◆ **EXERCISE AIM**
From the first line of the data through the line containing "VELES, компьютерный клуб", transcribe each line exactly. Pictures do not belong in the copy.

◆ **STUDY MATERIAL**
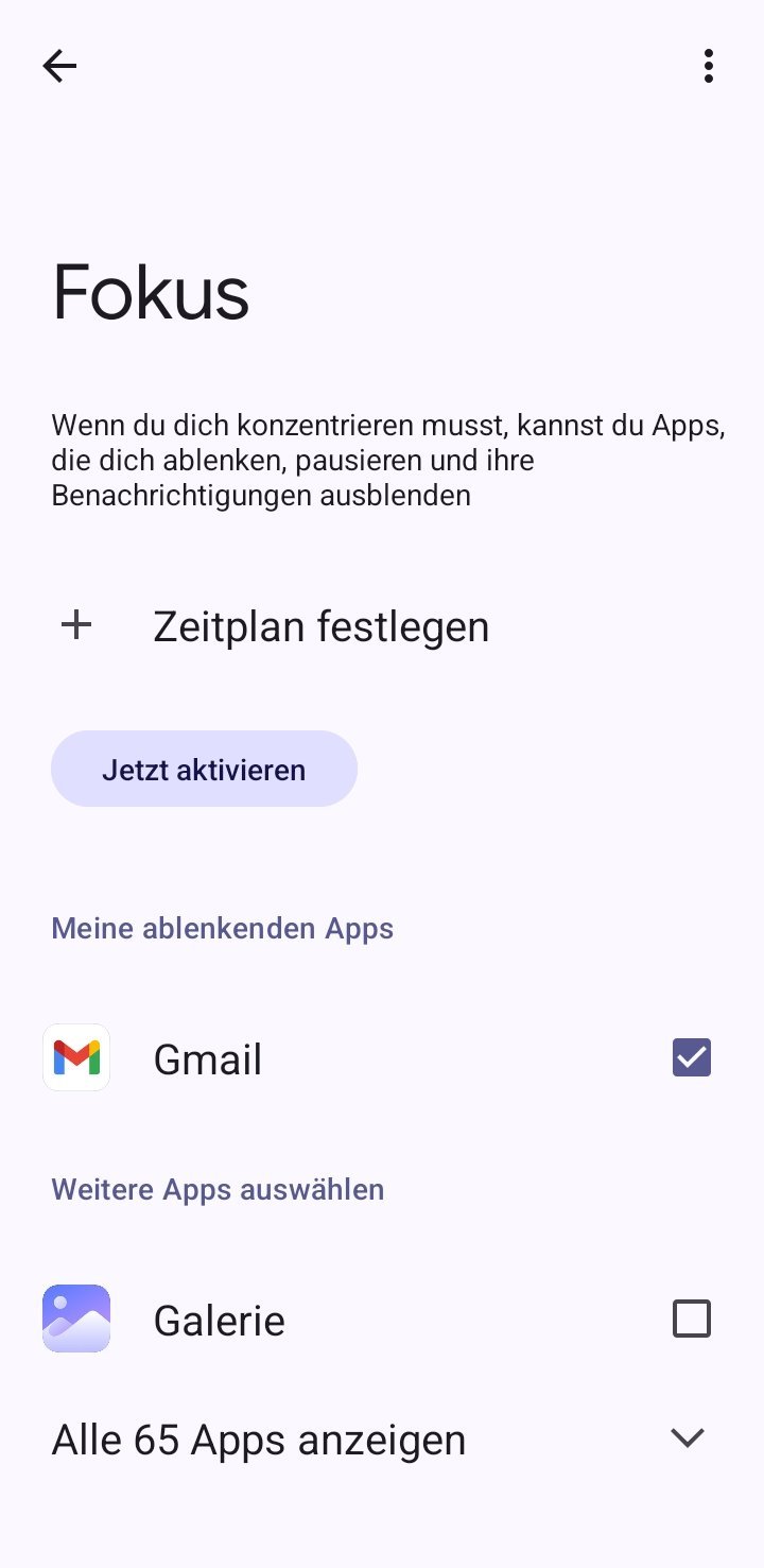 Mit Fokus können Sie ablenkende Apps für eine gewisse Zeit deaktivieren. Ihr Kind erhält in diesen Apps dann keine Benachrichtigungen mehr und kann sie nicht öffnen, solange der Fokus eingeschaltet ist.Dieser Konzentrationsmodus eignet sich vor allem dann, wenn ein Kind ein Elterngerät für bestimmte Zeiten (z.B. zum Lernen) verwenden darf und dabei nur gewünschte Apps nutzen soll.
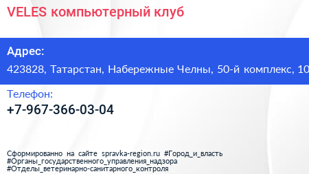 VELES, компьютерный клуб по адресу 423828, Татарстан, Набережные Челны, 50-й комплекс, 10 в дальнейшем Организация, размещена в следующих категориях:
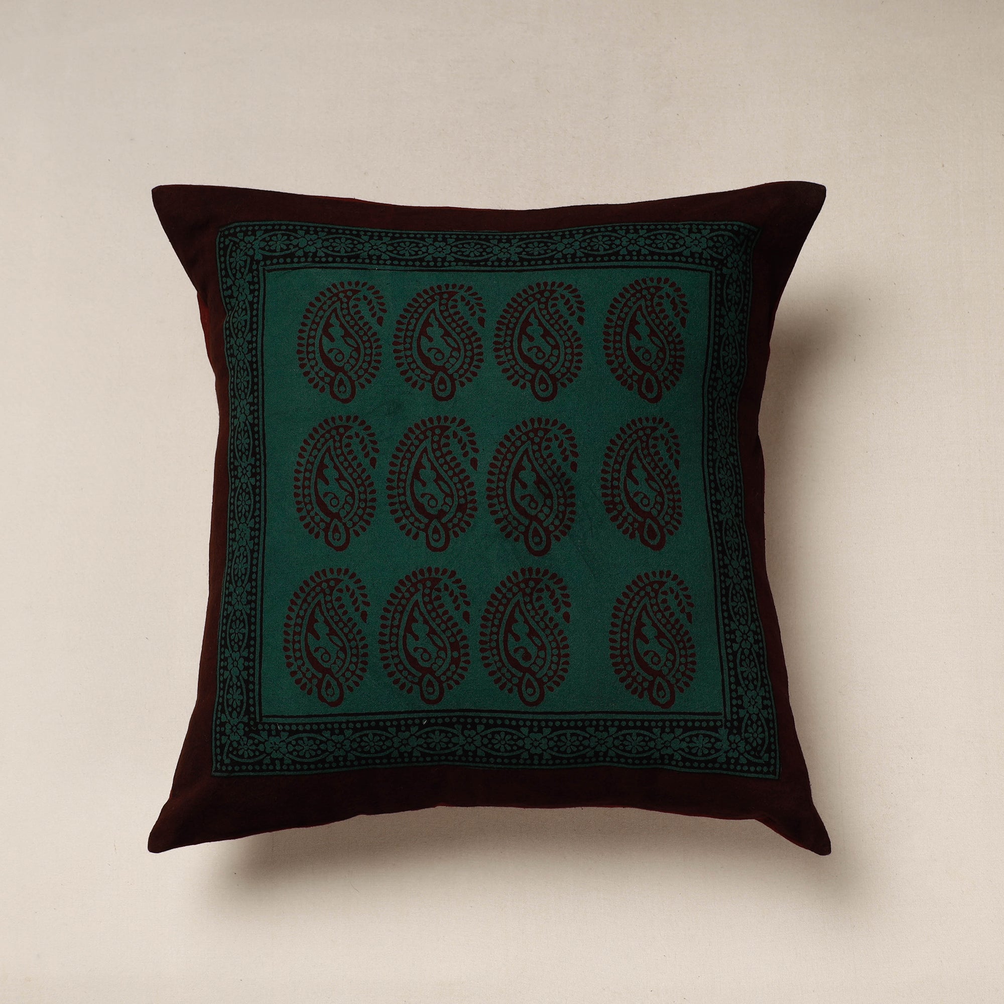 Fine quality green bagh block printing cotton cushion cover, made using natural dyes through traditional processes by master artisan practiced in Bagh, the Dhar district of Madhya Pradesh.
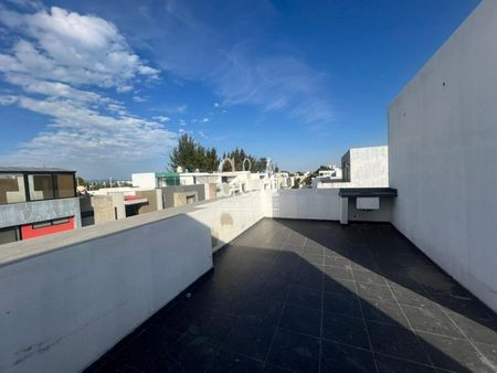 Tres niveles cochera, dos autos, estudio, medio, baño, sala, comedor, cocina integral, terraza, tres recámaras, cada una con su clóset, vestidor y su baño y en el Roof cuarto de servicio y área de lavado y área social con tarja
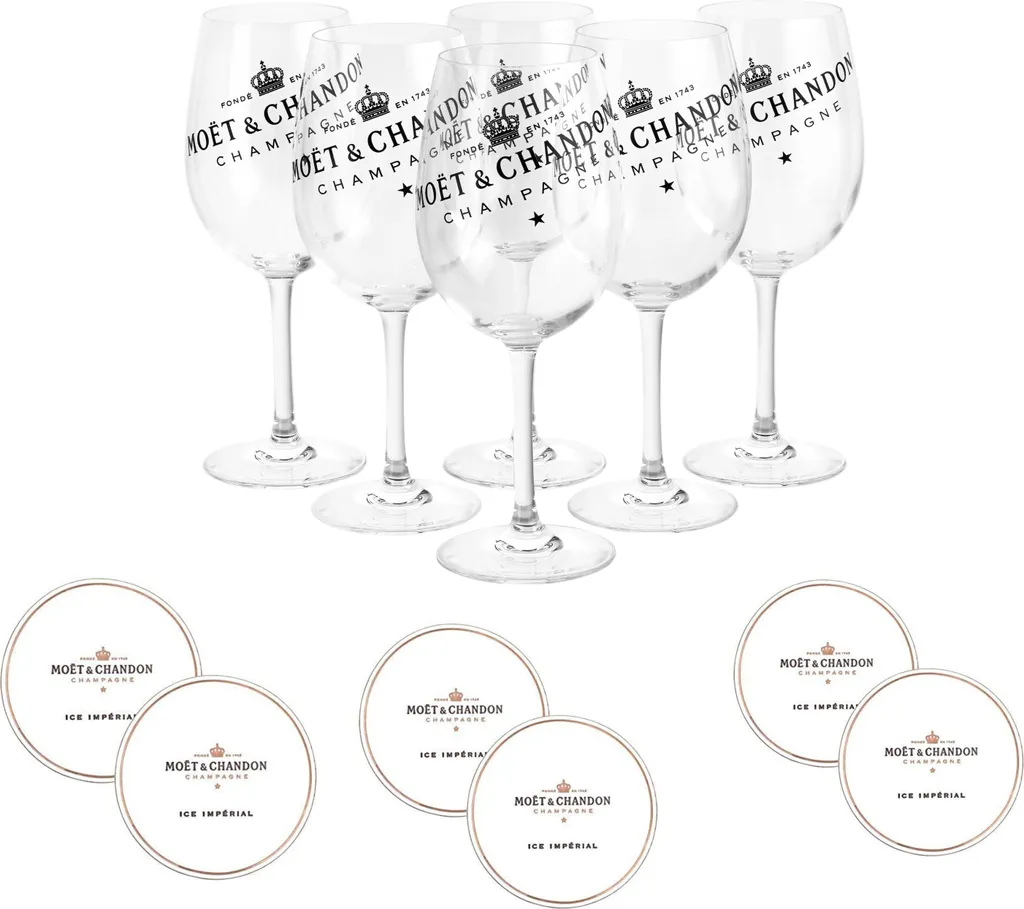 Moët & Chandon Champagner Gläser Klar Aus Echtglas Im 6er Set Inkl. Moët Untersetzer

◆ **RESULT FOR THIS EXERCISE**
 Mit Fokus können Sie ablenkende Apps für eine gewisse Zeit deaktivieren. Ihr Kind erhält in diesen Apps dann keine Benachrichtigungen mehr und kann sie nicht öffnen, solange der Fokus eingeschaltet ist.Dieser Konzentrationsmodus eignet sich vor allem dann, wenn ein Kind ein Elterngerät für bestimmte Zeiten (z.B. zum Lernen) verwenden darf und dabei nur gewünschte Apps nutzen soll.
 VELES, компьютерный клуб по адресу 423828, Татарстан, Набережные Челны, 50-й комплекс, 10 в дальнейшем Организация, размещена в следующих категориях:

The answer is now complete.